How it’s found and what it means
- The placement of the interior vertices is obtained by solving 2(n − h) linear equations in 2(n − h) unknowns, where n is the number of vertices and h is the number on the outer face. For 3-connected planar graphs, this system is well-behaved and has a unique solution.
- Practically, you can compute the embedding in polynomial time (for example, with Gaussian elimination).

Connections to geometry and polyhedra
- Steinitz’s theorem tells us that every 3-connected planar graph is the graph of a convex polyhedron, so Tutte embeddings provide a way to realize these graphs as convex polyhedra (Schlegel diagrams).
- There’s a related interpretation via the Maxwell–Cremona correspondence: a planar embedding can be viewed as a 3D convex polyhedron projection if the edges carry balanced forces. For Tutte embeddings with a triangular outer face, you can arrange forces so the balance also holds on the outer boundary.

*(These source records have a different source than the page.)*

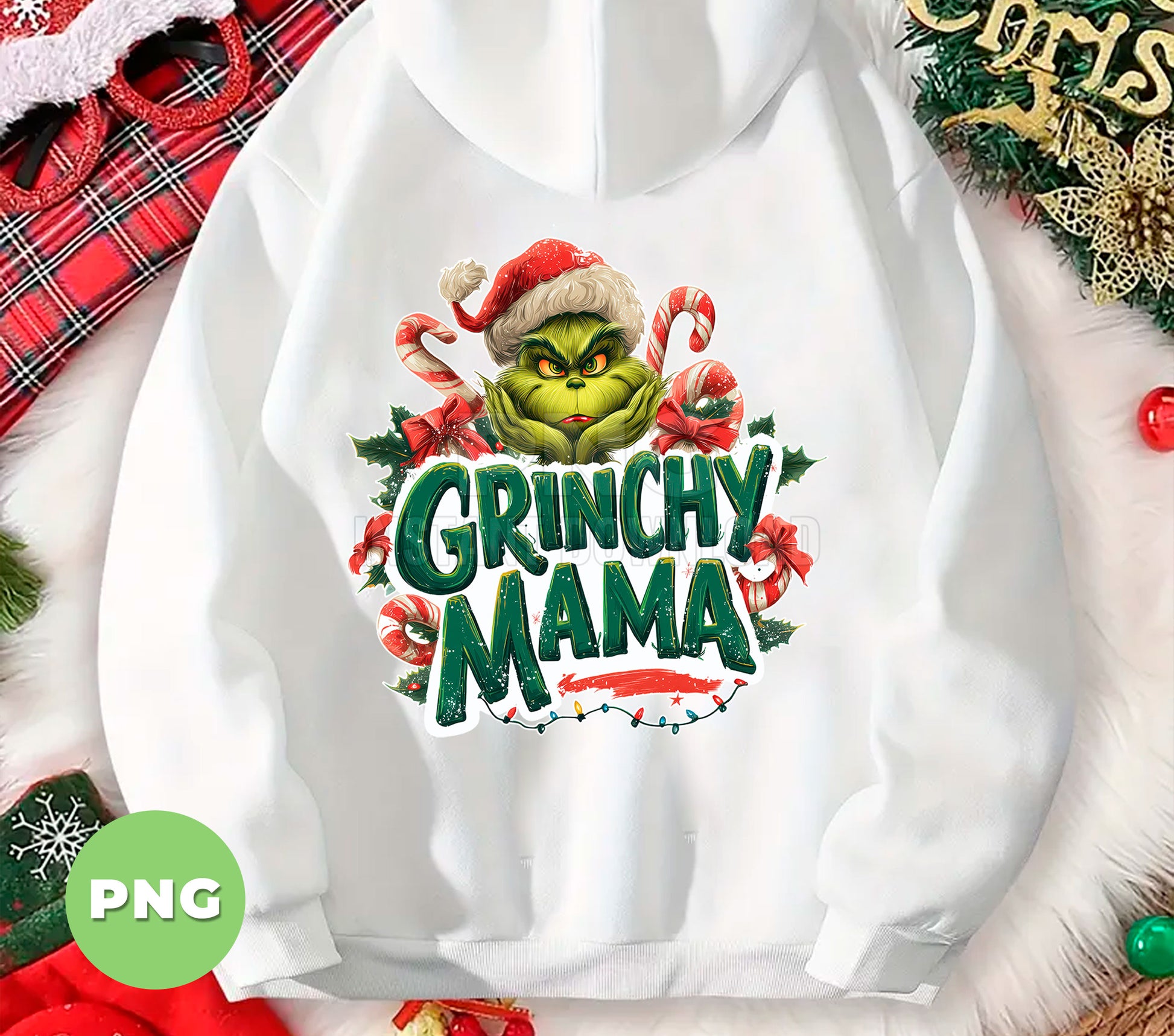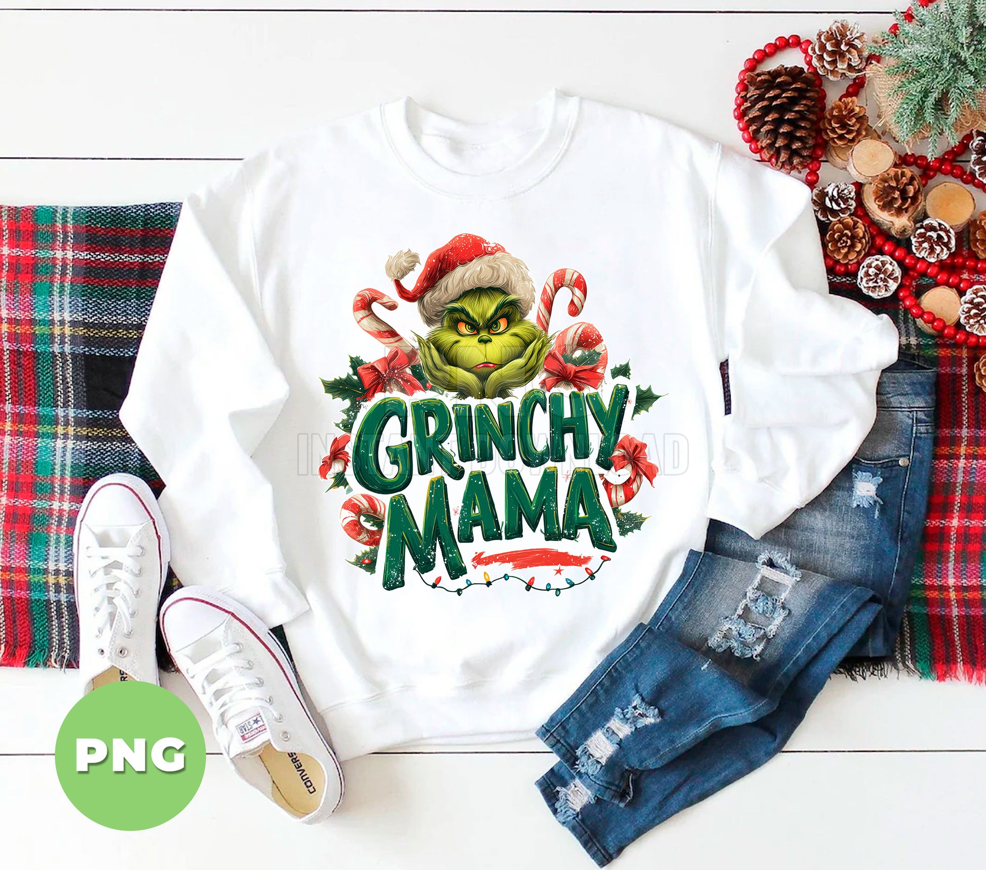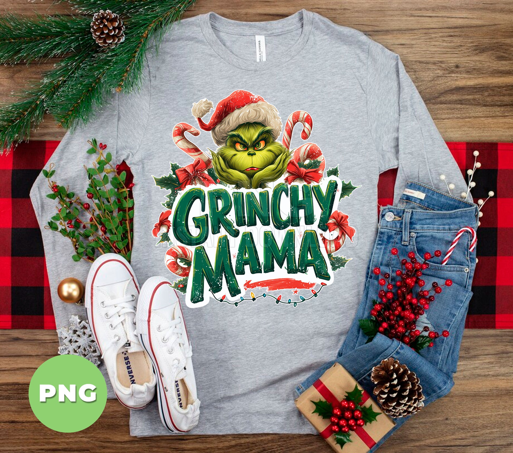 Bring holiday cheer with a playful twist using this Grinchy Mama PNG! Featuring a mischievous green Grinch face alongside festive candy cane lights, this sublimation design adds humor and fun to any Christmas project. Perfect for moms who love to celebrate the season with a little attitude, this digital download is ideal for creating custom apparel, decorations, and more.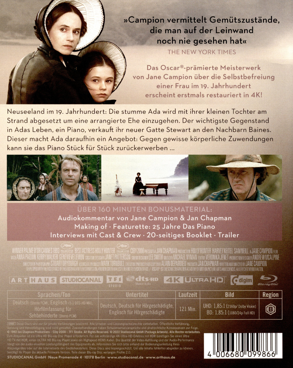 Das einfühlsame und bildgewaltig inszenierte Meisterwerk von Drehbuchautorin und Regisseurin Jane Campion wurde mit drei Oscars®, einem Golden Globe® und der Goldenen Palme in Cannes prämiert. Die Top-Besetzung des Dramas vereint mit Oscar®-Preisträgerin Holly Hunter, Harvey Keitel und Sam Neill echte Hollywood-Größen in den Hauptrollen. Der unverwechselbare Soundtrack stammt von Komponist Michael Nyman, die atemberaubenden Landschaftsaufnahmen verantwortete der Oscar®-nominierte Kameramann Stuart Dryburgh.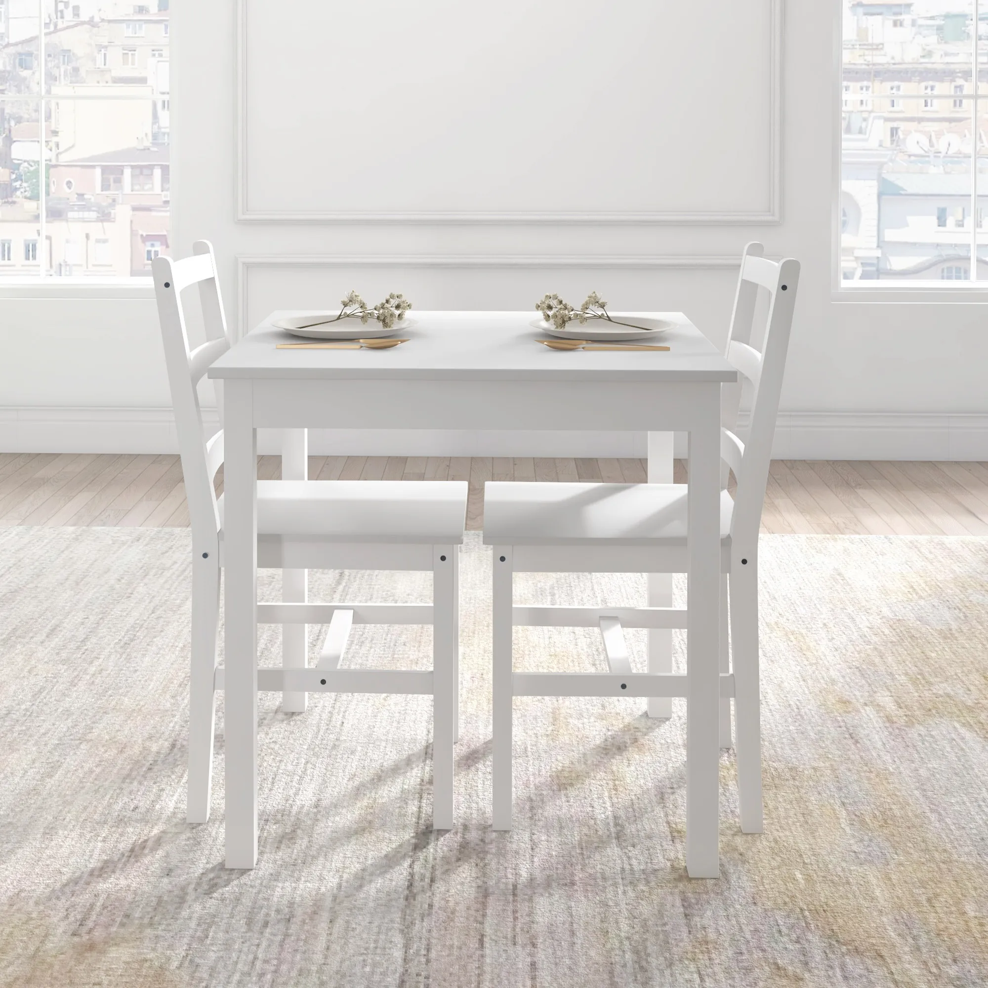 3-teilige Essgruppe Sitzgruppe Tisch mit Stühlen, Massivholz, Weiß

Applications and extensions
- In geometry processing, Tutte embeddings are used for 2D parameterizations of 3D surfaces (disk topology). The goal is to map a surface to a 2D disk while preserving shape as much as possible by treating vertices as masses connected by springs. Edges’ stiffness is often set based on original edge lengths to reflect the surface’s geometry; boundary vertices are fixed to close the disk.
- Variants include using weighted averages (instead of a straight average) and choosing boundary conditions to suit the application.
- If a graph isn’t 3-connected, you can add extra edges to make it 3-connected, compute the embedding, and then remove the added edges.
- Beyond the plane, researchers have extended ideas like Tutte’s to higher-genus surfaces and other related representations, and there are related methods for circle packings and higher-dimensional generalizations.

In short, a Tutte embedding gives a clean, guaranteed-to-be-crossing-free straight-line drawing of a 3-connected planar graph by fixing the outer boundary and placing every interior vertex at the average of its neighbors. It connects graph drawing, polyhedra, and practical surface parameterization in a single, powerful idea.